Andrew is excited about the potential recruitment of new trial farms and the involvement of the University of Bristol’s Dr Daniel Enriquez-Hidalgo, as it adds further scientific rigour to an interesting project.
The herbal leys were slower to respond in the spring, with flattened peak at this time of year and clovers and chicory coming into their own in the hotter summer months.
Consequently, Andrew benefitted from a reasonably steady growth curve, allowing more of a wedge to be built up as the autumn approached.
Andrew has not used artificial fertiliser for four years and is able to rely on the farm’s own slurry and some local digestate for any establishment nutrient requirement or post-silage application.
This facilitated a significant reduction in costs due to the reduced inputs but with no reduction in cow performance or overall forage production.
Hannah Jones from Farm Carbon Toolkit highlighted the species composition of a herbal ley will naturally change throughout the grazing period, with the grasses heading earlier in the season, clovers becoming more dominant in the summer, and plantains and chicory producing well into the autumn.

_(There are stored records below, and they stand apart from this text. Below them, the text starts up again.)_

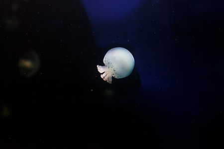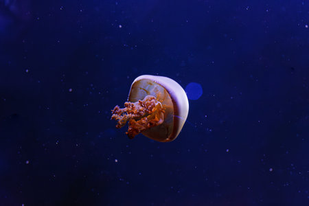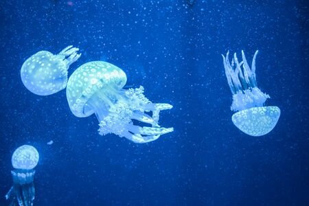 beautiful jellyfish or medusa swimming in blue aquarium
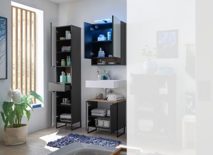 - 1x Hochschrank, 2 -Softclose-Türen, 3 Einlegeböden, 1 offenes Fach, 1Schubkasten, B/H/T: ca. 38/195/32 cm
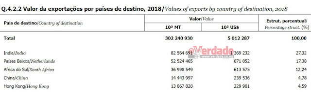 Há dois anos que o país asiático assumiu a liderança nas compras em Moçambique fundamentalmente devido a aquisição do carvão mineral que é produzido na Província de Tete. No ano passado, segundo o Instituto Nacional de Estatística, a Índia foi responsável por 1,4 bilião de dólares em exportações, 27,32 por cento do total, no entanto menos do que o 1,6 bilião de dólares que gerou em 2017.
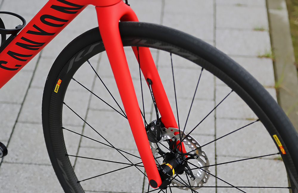 Höjden i fronten beror av styrrörets längd. Ett allt för högt styrrör kan dock ge cykeln proportioner som inte upplevs estetiskt tilltalande. Canyon har löst detta genom att förlänga framgaffeln en aning och låta den ta en del av höjden. Det ger samtidigt bättre utrymme för större däck i gaffeln. Endurace CF SLX har 33 mm i däckutrymme i ram och gaffel vilket i praktiken innebär ett 28 mm däck på 21 mm fälg.
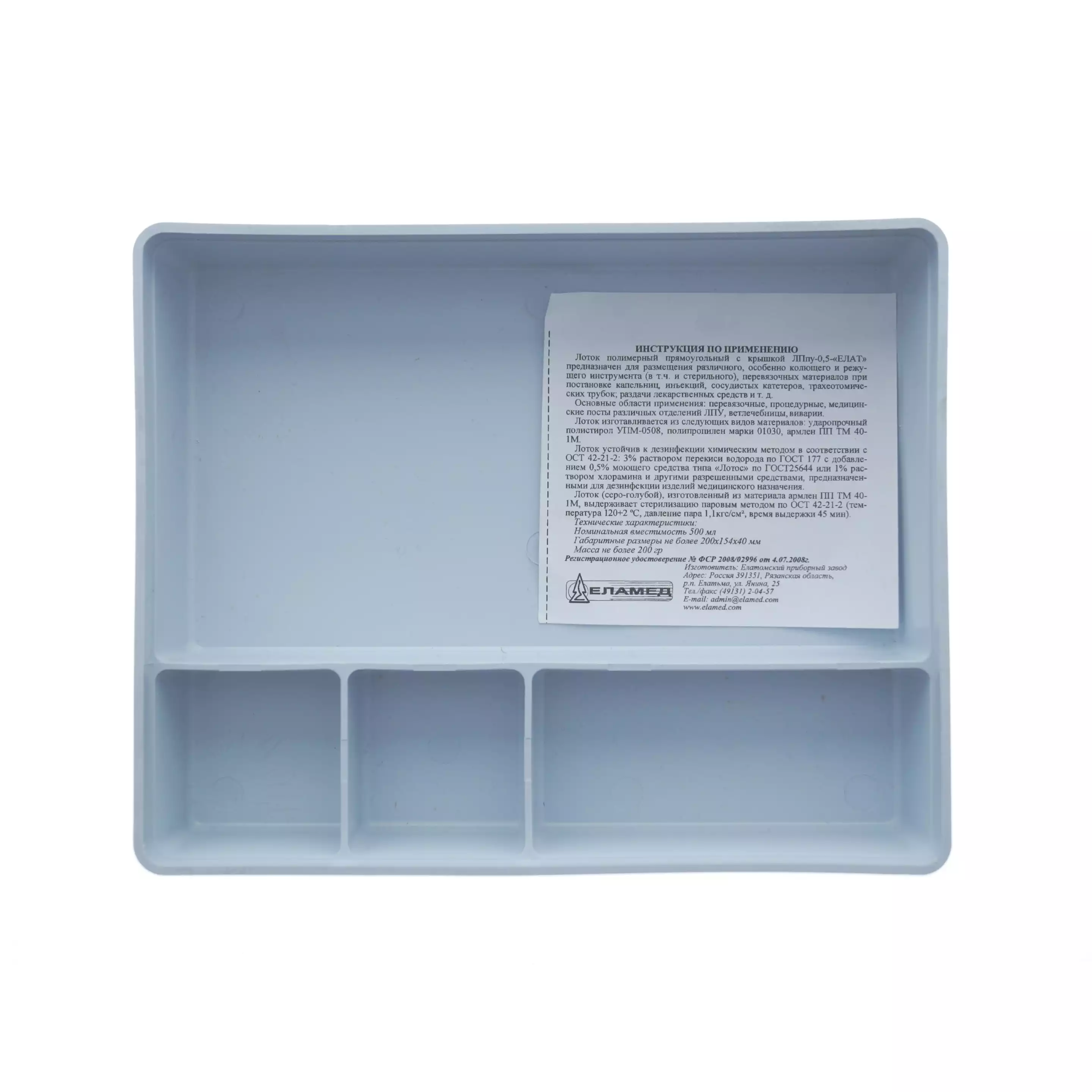 Лоток Лппу -0,85А - ЕЛАТ прямоугольный, размер 250*190*48мм, с крышкой и ячейками, автоклавируемый, полимерныйЕПЗ АО (РОССИЯ)
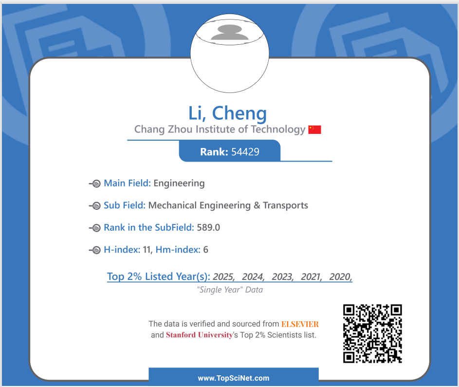 近日,美国斯坦福大学与国际权威学术出版社爱思唯尔重磅发布2025年全球前2%顶尖科学家榜单。我校汽车工程学院新能源汽车先进材料结构与传感技术实验室李成教授入选“终身影响力榜”和“年度科学影响力榜”。
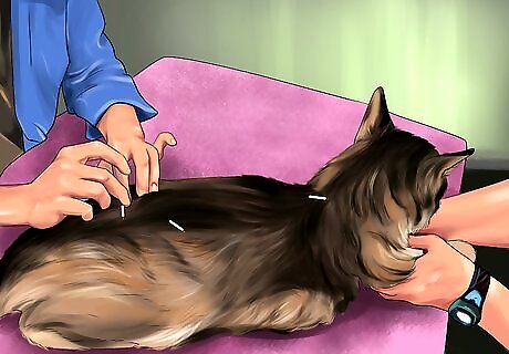 Use acupuncture in combination with traditional veterinary treatments. Acupuncture can be a great complementary treatment for cats that have serious health issues. For example, if your cat has chronic pain, using acupuncture in combination with other types of veterinary medicine, such as medication or physical therapy, can minimize the cat's pain and discomfort by strengthening its immune responses. Because acupuncture does not have any side effects, it can be used with all types of medication without the risk of complications or bad interactions. For this reason, acupuncture is also a great therapy for cats with other organ system problems that may not be able to take traditional pain and anti-inflammatory medications.
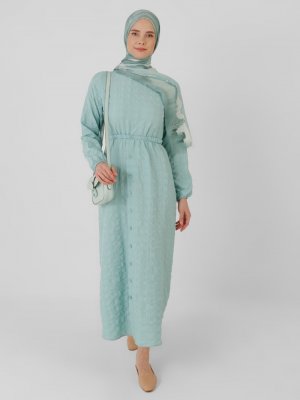 BÜRÜN Mint Beli Lastikli Düğme Detaylı Elbise

She went on to explain that species selection in the seed mix can greatly affect how it performs on your farm, so make sure to choose a mix that suits your soil type.
Heading dates are also important; mixes with perennial ryegrasses in them will last longer than ones with Italian ryegrasses.
See AHDB's Recommended Grass and Clover List for more.
Fellow Cornish dairy farmer Phil Kent, who hosted the meeting, also spoke of the resilience herbal leys have added to his system.
Phil milks 300 cows in an autumn block system near Port Isaac, supplying Saputo, and every summer the area burns up.
Being a dry coastal farm with only 33 inches of rainfall, he feels a diverse sward is key to grazing resilience allowing his cows to continue to graze during those dry summer periods.
He favours autumn reseeds over spring to allow a better chance of establishment due to more soil moisture availability.